La survenue de saignements, d’hématomes, de purpura ou de bulles hémorragiques sur la muqueuse buccale est évocatrice de thrombopénie et constitue également une urgence thérapeutique.
De même, tout membre (bras ou mollet) chaud, douloureux et rouge associé à un essoufflement nécessite un avis médical rapide.
Les urines doivent être surveillées (diurèse et recherche d’une hématurie). Une hématurie macroscopique ou microscopique impose l’interruption du traitement.
Prévenir l’urotoxicité du cyclophosphamide
L’urotoxicité du cyclophosphamide est liée à l’acroléine, métabolite éliminé principalement par voie urinaire.
Afin de diminuer le risque de survenue de cet effet indésirable, l’hydratation du patient doit être abondante (2 litres par jour environ) pour « rincer » la vessie. Il est notamment recommandé de boire 2 verres d’eau au moment de l’administration des comprimés pour forcer la diurèse.
En cas de traitement prolongé, à forte dose ou sous une forme injectable, ou encore chez des patients ayant subi une radiothérapie du bassin, un traitement cytoprotecteur peut être prescrit : le mercaptoéthanesulfonate de sodium ou mesna (Uromitexan, réservé à l’usage hospitalier), un chélateur de l’acroléine.

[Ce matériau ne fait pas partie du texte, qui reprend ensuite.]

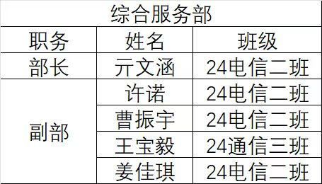 综合服务部是保障组织高效运转的核心支撑部门,主要承担统筹协调、行政保障、后勤服务及综合管理等职能,为各业务板块提供全方位、一体化的服务。既要当好组织运转的“润滑剂”,推动各环节协同联动;也要做好后勤保障的“服务员”,为业务发展和成员工作提供坚实支撑。

Une autre moutarde azotée utilisée en cancérologie, l’ifosfamide (Holoxan, réservé à l’usage hospitalier), est métabolisée en acroléine et, de ce fait, également responsable d’urotoxicité. Toujours utilisé en combinaison avec le mesna, l’ifosfamide subit aussi une seconde voie de métabolisation conduisant à la formation d’un autre métabolite, le carboxy ifosfamide qui est neurotoxique (convulsions, secousses musculaires, troubles extrapyramidaux, dysthésies, etc.). Ce métabolite n’est en revanche pas chélaté par le mesna.

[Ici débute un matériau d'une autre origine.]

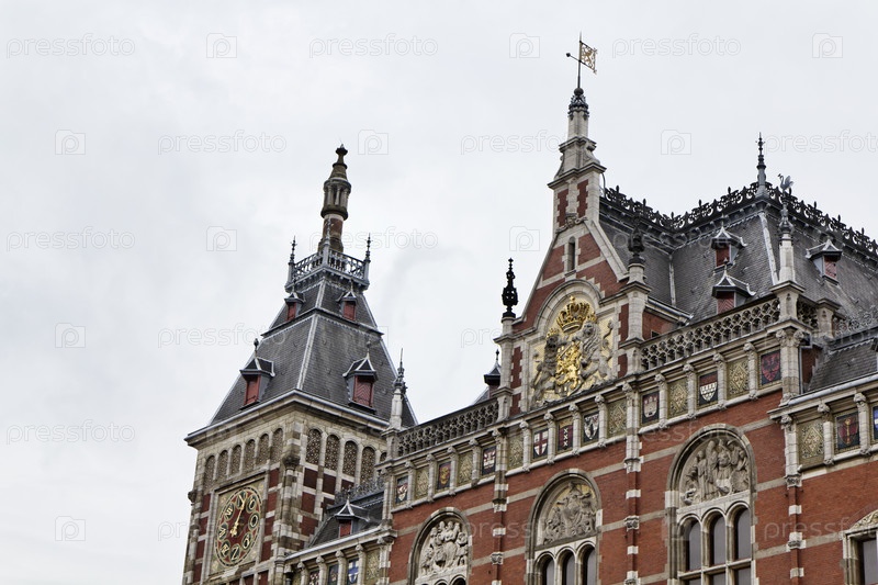 Голландия, Амстердам, фасад центрального железнодорожного вокзала

- Sources : « Prévenir et gérer les effets indésirables : cyclophosphamide (Endoxan) », Institut national du cancer, janvier 2022 ; « Cyclophosphamide Endoxan », fiche professionnels de santé, janvier 2022 ; Newsletter de l’Observatoire du médicament, des dispositifs médicaux et de l’innovation thérapeutique (Omédit) Normandie, juin 2022 ; « Antinéoplasiques alkylants », pharmacorama.com ; Thésaurus des interactions médicamenteuses, Agence nationale de sécurité des médicaments et des produits de santé (ANSM), septembre 2023 ; base de données publique des médicaments ; Centre de référence sur les agents tératogènes, le-crat.fr.